大島 恭平選手 (宮崎商)

大島 恭平

球歴:宮崎商

都道府県:宮崎

ポジション:遊擊手

投打:右 / 左

身長:172.0 cm

体重:68.0 kg

学年:卒業

寸評

 1年生の頃から宮崎商のレギュラーとして活躍してきた 大島 恭平も最終学年を迎えた。下級生の頃から、全国トップクラスの打撃技術を持っていた選手が、最後の夏にどんなパフォーマンスを魅せてくれたのか、個人的には大変興味深いものがあった。 (守備・走塁面)  この選手の良さは、打球への一歩目の速さにあります。その点では、この夏も健在でした。フットワーク、グラブ捌きなどは、それほど光るものはありませんが、昨夏よりもワンランクプレーに安定感が出てきたように思えます。地肩も結構強いですし、上のレベルでは三塁や二塁あたりのポジションを期待されることになりそうです。  一塁までの塁間は、4.2秒前後。昨夏計測したときは、4.3秒前後ですから少し早くなっていました。それがたまたまなのかはわかりませんが、プロの基準レベルの脚力といえるでしょう。足を売りにして行けるほどの脚力かは疑問ですが、守備・走力共に一定のレベルがあることがわかります。 (打撃内容) 元々この選手の良さは、内角の球を開かずに上手く肘をたたんで捌く技術にありました。また甘い球を逃さず叩く「鋭さ」を兼ね備えていたのですが、私の観た延岡学園戦では、打ち損じも多く調子がイマイチだったのかなと感じました。 <構え>   スクエアスタンスで足を揃え、グリップを少し下げ気味に構えます。

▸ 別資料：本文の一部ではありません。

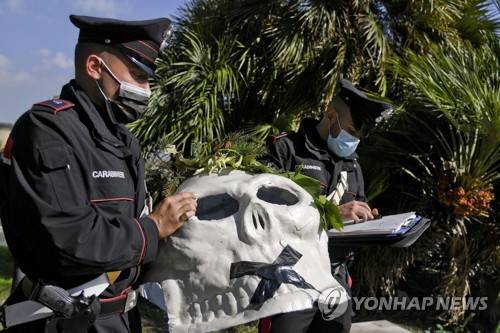 epa09534121 Italian Carabinieri removed one of several papier-mache skulls with an 'X' made with black adhesive tape and adorned with a crown of pine needles on the head, placed by unknown people in the night over numerous statues of the city center of Naples, Italy, 21 October 2021. EPA/Ciro Fusco
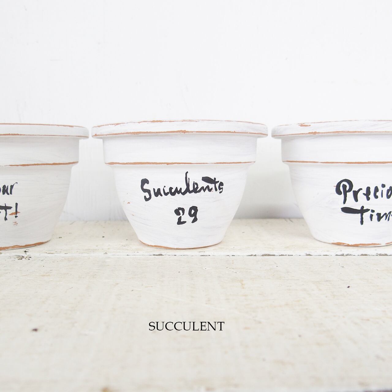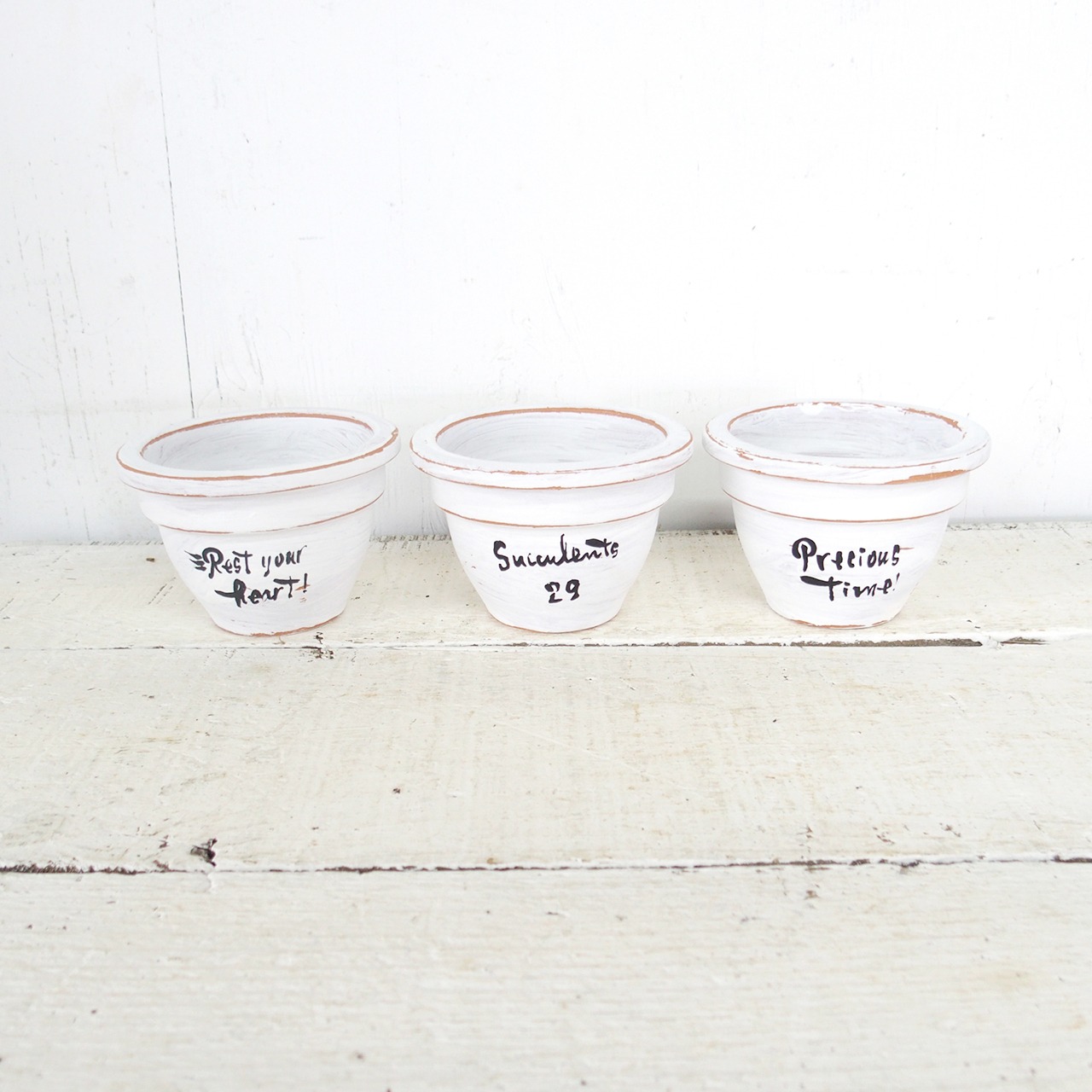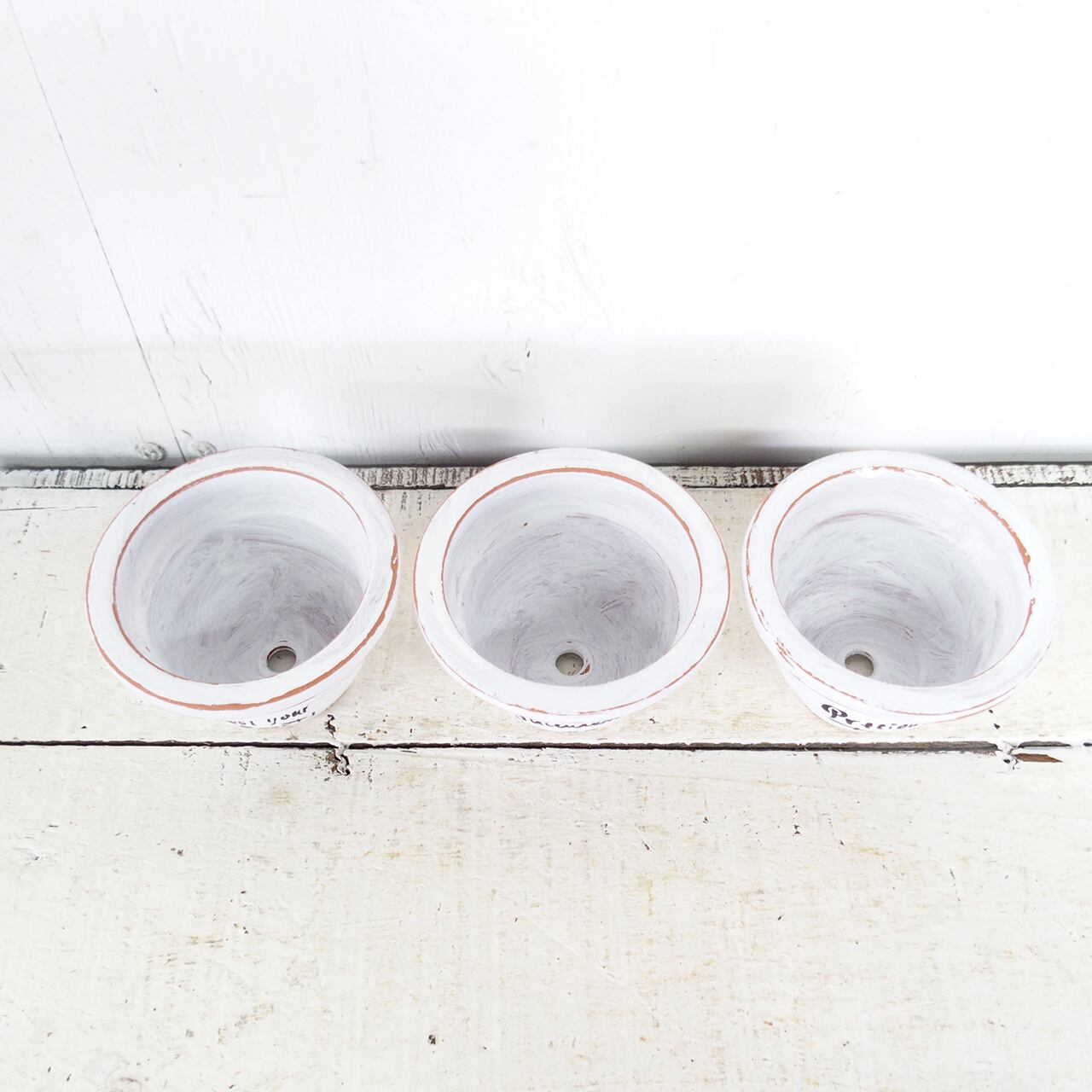 可愛い小さな鉢をホワイトのシャビー塗装で
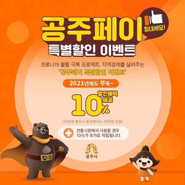 공주시(시장 김정섭)는 모바일 지역화폐인 ‘공주페이’ 10% 특별할인 이벤트 기간을 올해 말까지 1년 연장한다.
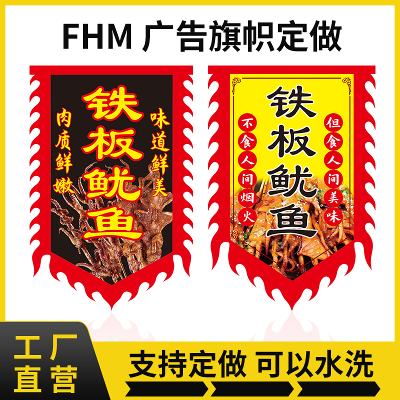 双面仿古旗定做 铁板鱿鱼广告旗 古风旗帜制作 火爆鱿鱼挂旗 夜市摆摊广告旗 复古旗子制作 加厚仿古旗订做
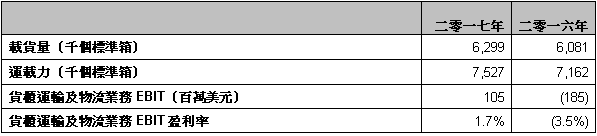 • 東方海外國際旗下之貨櫃運輸及物流業務錄得EBIT一億零五百萬美元,盈利率約百分之一點七。
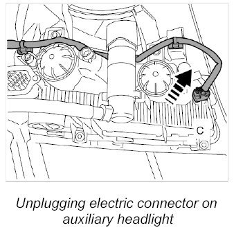 1. Release and unplug electric connector on the auxiliary headlight -C-.

腰の据わり具合もよく、両目で前を見据えられており、全体のバランスが取れています。打席では、適度な緊張感を保ちながら、リラックスすることを両立でき、非常に好い構えだと言えるでしょう。昨夏は、力みが強く感じられたことを考えると構えはよくなっています。 <始動>  昨夏は、早めに始動するアベレージ打者の傾向が強かったのですが、この夏は中距離打者の傾向が強くなりました。意図的に少し始動を遅らせていたのか?調子が悪く自然に始動が遅れていたのかはわかりません。 <下半身>  足を引き上げてから降ろすまでの「間」があるので、いろいろな球に対応できます。またベース側にしっかりインステップするようになり、これで外角の球はしっかり叩けるようになりました。ただ左打者は、どうしても右打者のクロスに食い込む球筋に対してインステップすると、内角が窮屈になり率が残り難くなります。彼も非凡な内角の捌きに自信があるので、あえてインステップして外にゾーンを広げることで、より高い対応力を追求したのでしょう。それが返って裏目に出て、得意なゾーンまで打てなくなっている可能性も否定できません。ただ踏み込んだ足元はブレないので、打ち損じは多いタイプではないはずなのですが。 <上半身>  あらかじめ打撃の準備である「トップ」の位置にグリップを添えています。これにより無駄な動作がなくなる分、速い球には差し込まれません。ただ腕を後ろに引いて固定している分、リストワークが硬くなり柔軟な打撃ができなくなる可能性が高まります。バットも振り出しも、以前は上から最短距離で射ぬいていたイメージですが、今は少しスイングの弧を大きく取る分、少し遠回りになっている気が致します。またインパクトの時にバットの先端が下がってしまい、フェアゾーンに上手くボールを落とせる確率が下がっていました。 <軸>  足の上げ下げを行う割に、動作が静かなので目線は大きく狂いません。体の開きも我慢できていますし、軸足も安定しています。昨夏に比べると、やや大きなのを打てるように打撃を大きく取るようになり、よりアベレージ打者から中距離打者へのシフトを感じます。全く努力のあとを感じないわけではないのですが、それが上手く結果となって現れない試行錯誤の最中だったのかなと思います。
更新日時:2011.09.06

将来の可能性

 残念ながら試合を観る限り、あまり調子が良くなかったように思えます。また打撃には改善の形跡も見られましたが、それを結果に結ぶつけるところまでには、まだ至っていなかったように思えます。大きな成長は感じられませんでしたが、僅かながらの前進といった感じでしょうか。  その非凡な打撃センスを、高校時代で爆発させるまでには到りませんでした。しかしボールを捉え捌くセンスは素晴らしい物がありますから、大学などでも引き続き、活躍を見守って行きたいと思います。新しい環境で、またどんな化学反応を魅せてくれるのか、期待せずにはいられません。